* _What the exercise asks_: Below are entries with pictures in them. Output exactly the lines starting at the line with "Храм в честь" and ending at the line with "今回のレポートは、会派自由民", both included, but not the pictures.

* _Dataset entries_:
★ ★ ★ ★ ★
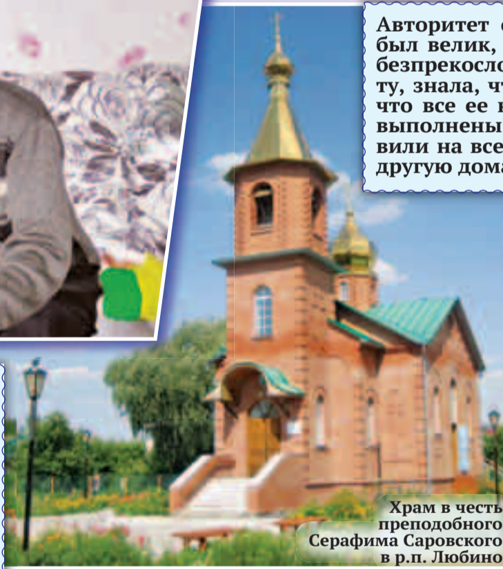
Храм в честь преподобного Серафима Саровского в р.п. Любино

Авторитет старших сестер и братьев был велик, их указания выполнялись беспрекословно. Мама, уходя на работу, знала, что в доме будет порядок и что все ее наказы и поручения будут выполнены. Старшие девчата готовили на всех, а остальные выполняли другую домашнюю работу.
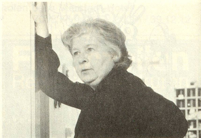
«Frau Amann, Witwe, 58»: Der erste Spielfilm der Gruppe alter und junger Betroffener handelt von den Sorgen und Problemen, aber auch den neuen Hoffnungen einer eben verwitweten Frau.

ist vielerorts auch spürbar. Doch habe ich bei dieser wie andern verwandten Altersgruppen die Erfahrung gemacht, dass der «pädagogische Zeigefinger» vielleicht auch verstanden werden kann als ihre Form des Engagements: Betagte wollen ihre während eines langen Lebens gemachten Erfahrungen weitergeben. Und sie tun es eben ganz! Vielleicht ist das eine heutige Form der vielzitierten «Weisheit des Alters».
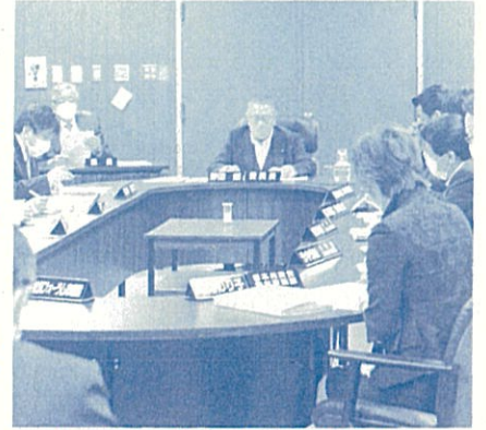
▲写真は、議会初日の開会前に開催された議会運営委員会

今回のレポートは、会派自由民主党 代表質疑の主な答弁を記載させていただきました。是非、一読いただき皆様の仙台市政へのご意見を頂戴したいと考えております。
★ ★ ★ ★ ★
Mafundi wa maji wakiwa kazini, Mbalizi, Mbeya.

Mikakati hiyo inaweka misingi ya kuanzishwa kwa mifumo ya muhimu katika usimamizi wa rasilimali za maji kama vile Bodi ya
★ ★ ★ ★ ★
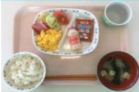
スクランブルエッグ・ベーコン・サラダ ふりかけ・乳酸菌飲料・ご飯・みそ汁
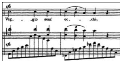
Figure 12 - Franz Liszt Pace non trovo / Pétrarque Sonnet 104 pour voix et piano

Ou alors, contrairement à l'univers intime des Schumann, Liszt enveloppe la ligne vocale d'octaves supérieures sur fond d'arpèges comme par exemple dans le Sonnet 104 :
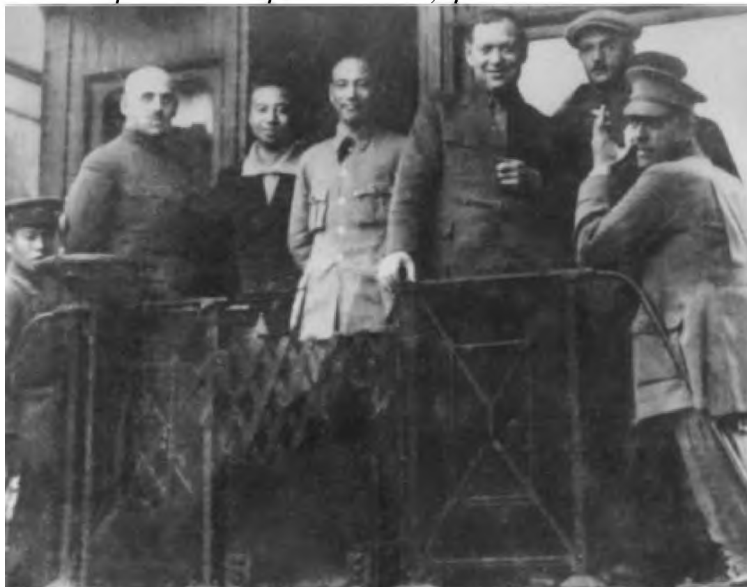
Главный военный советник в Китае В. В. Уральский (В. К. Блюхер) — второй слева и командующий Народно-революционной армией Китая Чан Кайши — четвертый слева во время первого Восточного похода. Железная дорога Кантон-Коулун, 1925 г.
★ ★ ★ ★ ★
* _Task answer_:
Храм в честь преподобного Серафима Саровского в р.п. Любино

Авторитет старших сестер и братьев был велик, их указания выполнялись беспрекословно. Мама, уходя на работу, знала, что в доме будет порядок и что все ее наказы и поручения будут выполнены. Старшие девчата готовили на всех, а остальные выполняли другую домашнюю работу.
«Frau Amann, Witwe, 58»: Der erste Spielfilm der Gruppe alter und junger Betroffener handelt von den Sorgen und Problemen, aber auch den neuen Hoffnungen einer eben verwitweten Frau.

ist vielerorts auch spürbar. Doch habe ich bei dieser wie andern verwandten Altersgruppen die Erfahrung gemacht, dass der «pädagogische Zeigefinger» vielleicht auch verstanden werden kann als ihre Form des Engagements: Betagte wollen ihre während eines langen Lebens gemachten Erfahrungen weitergeben. Und sie tun es eben ganz! Vielleicht ist das eine heutige Form der vielzitierten «Weisheit des Alters».
▲写真は、議会初日の開会前に開催された議会運営委員会

今回のレポートは、会派自由民主党 代表質疑の主な答弁を記載させていただきました。是非、一読いただき皆様の仙台市政へのご意見を頂戴したいと考えております。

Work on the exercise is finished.